# What is being asked
Starting at the line that contains "[뉴스서울] 부산 북구는" and ending at the final line of the entries below, write out each line exactly as it appears, but omit the pictures.
────────
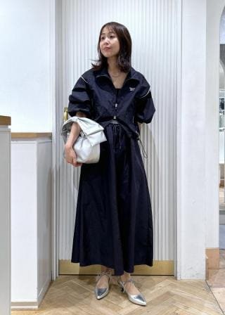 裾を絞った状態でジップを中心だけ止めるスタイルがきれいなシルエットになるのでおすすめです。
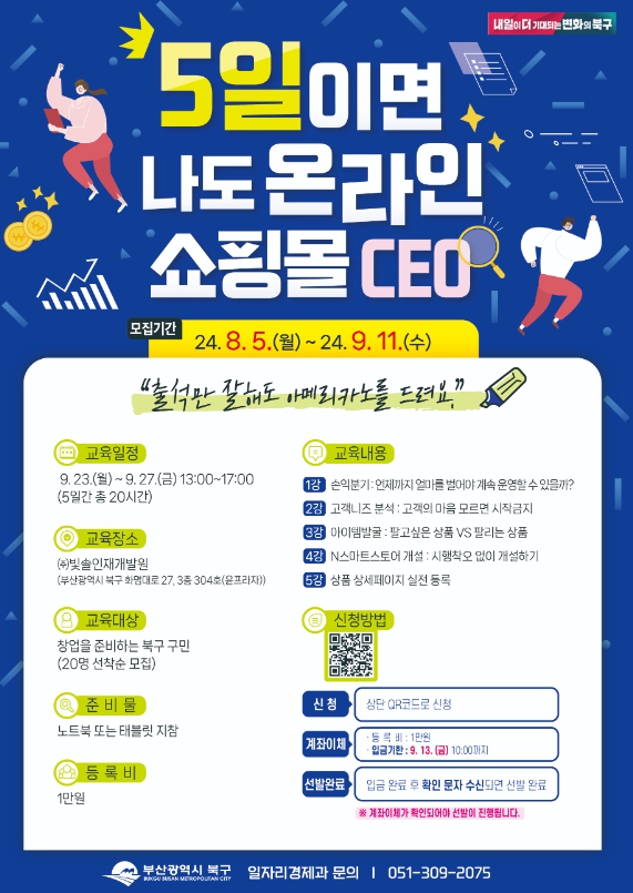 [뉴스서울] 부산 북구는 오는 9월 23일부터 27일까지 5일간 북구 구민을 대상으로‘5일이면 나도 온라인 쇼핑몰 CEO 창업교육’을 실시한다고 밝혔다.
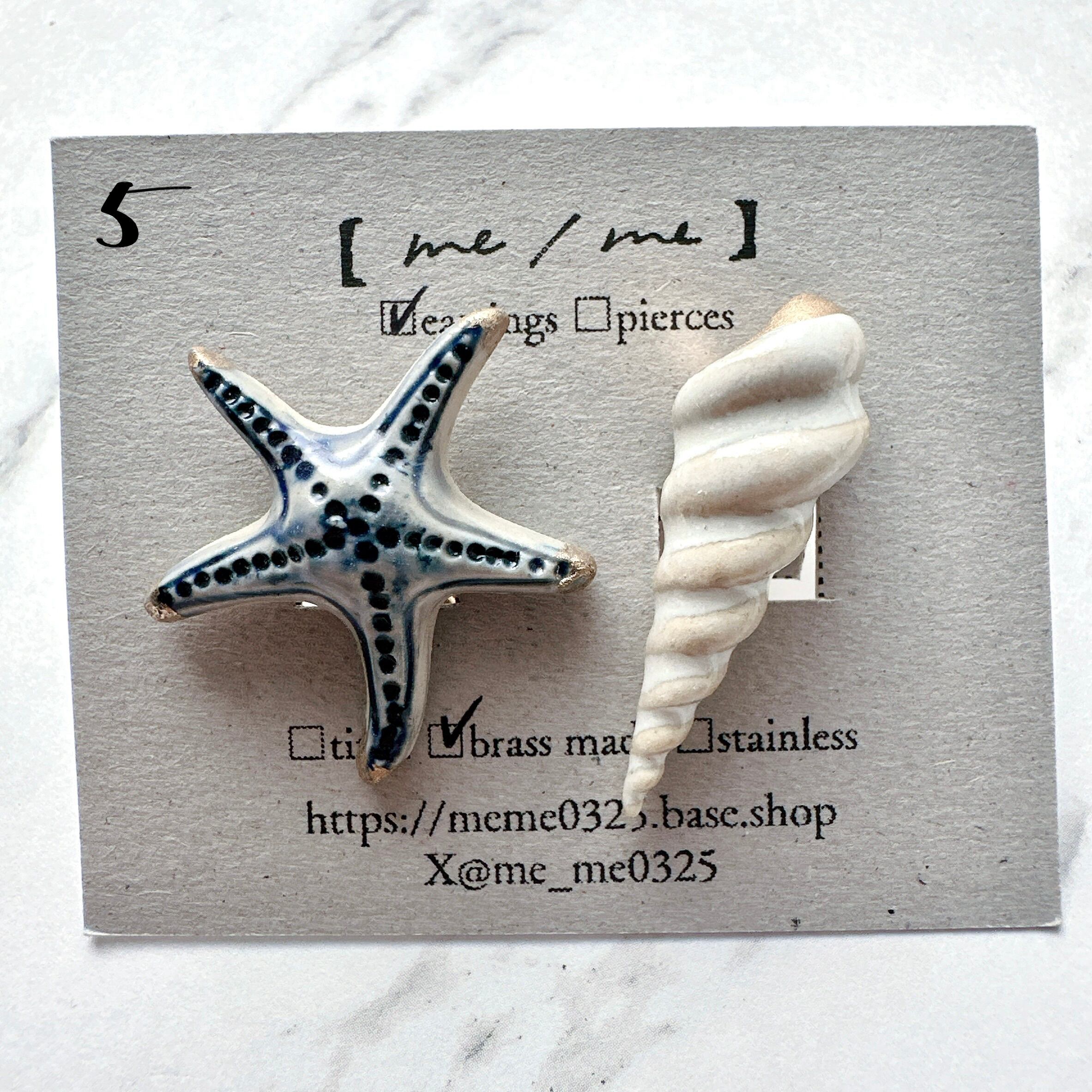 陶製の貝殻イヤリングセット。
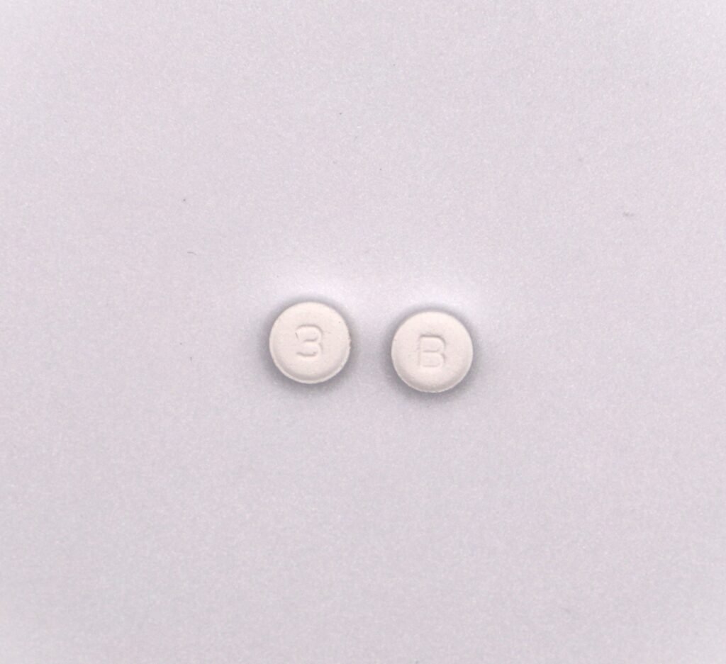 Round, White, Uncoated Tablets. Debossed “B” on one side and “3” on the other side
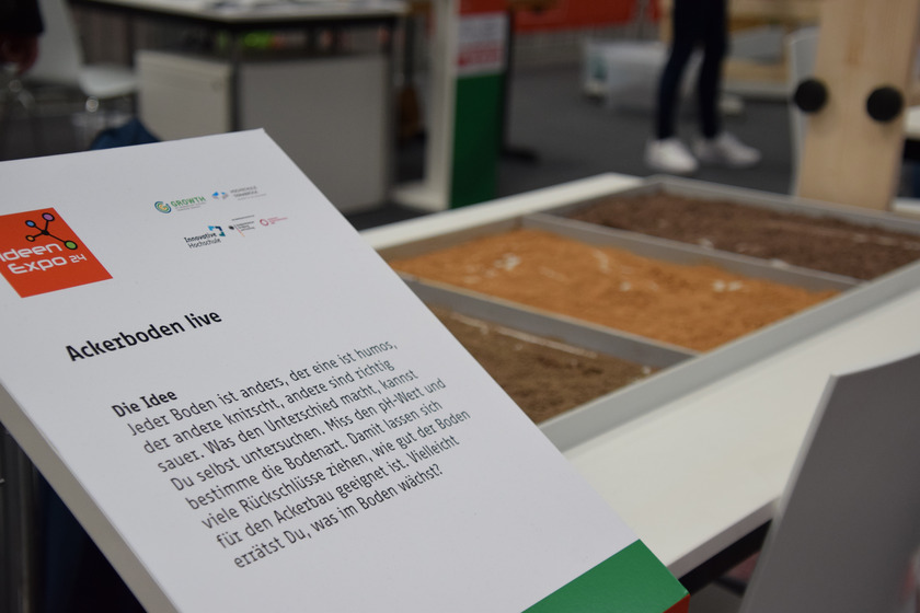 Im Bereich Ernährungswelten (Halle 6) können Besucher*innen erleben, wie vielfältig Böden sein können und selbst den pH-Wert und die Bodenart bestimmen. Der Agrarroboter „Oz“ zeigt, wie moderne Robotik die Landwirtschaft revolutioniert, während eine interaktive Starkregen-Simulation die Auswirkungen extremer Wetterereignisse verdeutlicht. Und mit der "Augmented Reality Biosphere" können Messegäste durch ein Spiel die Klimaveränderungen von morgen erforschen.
────────
# Solution for this exercise
 [뉴스서울] 부산 북구는 오는 9월 23일부터 27일까지 5일간 북구 구민을 대상으로‘5일이면 나도 온라인 쇼핑몰 CEO 창업교육’을 실시한다고 밝혔다.
 陶製の貝殻イヤリングセット。
 Round, White, Uncoated Tablets. Debossed “B” on one side and “3” on the other side
 Im Bereich Ernährungswelten (Halle 6) können Besucher*innen erleben, wie vielfältig Böden sein können und selbst den pH-Wert und die Bodenart bestimmen. Der Agrarroboter „Oz“ zeigt, wie moderne Robotik die Landwirtschaft revolutioniert, während eine interaktive Starkregen-Simulation die Auswirkungen extremer Wetterereignisse verdeutlicht. Und mit der "Augmented Reality Biosphere" können Messegäste durch ein Spiel die Klimaveränderungen von morgen erforschen.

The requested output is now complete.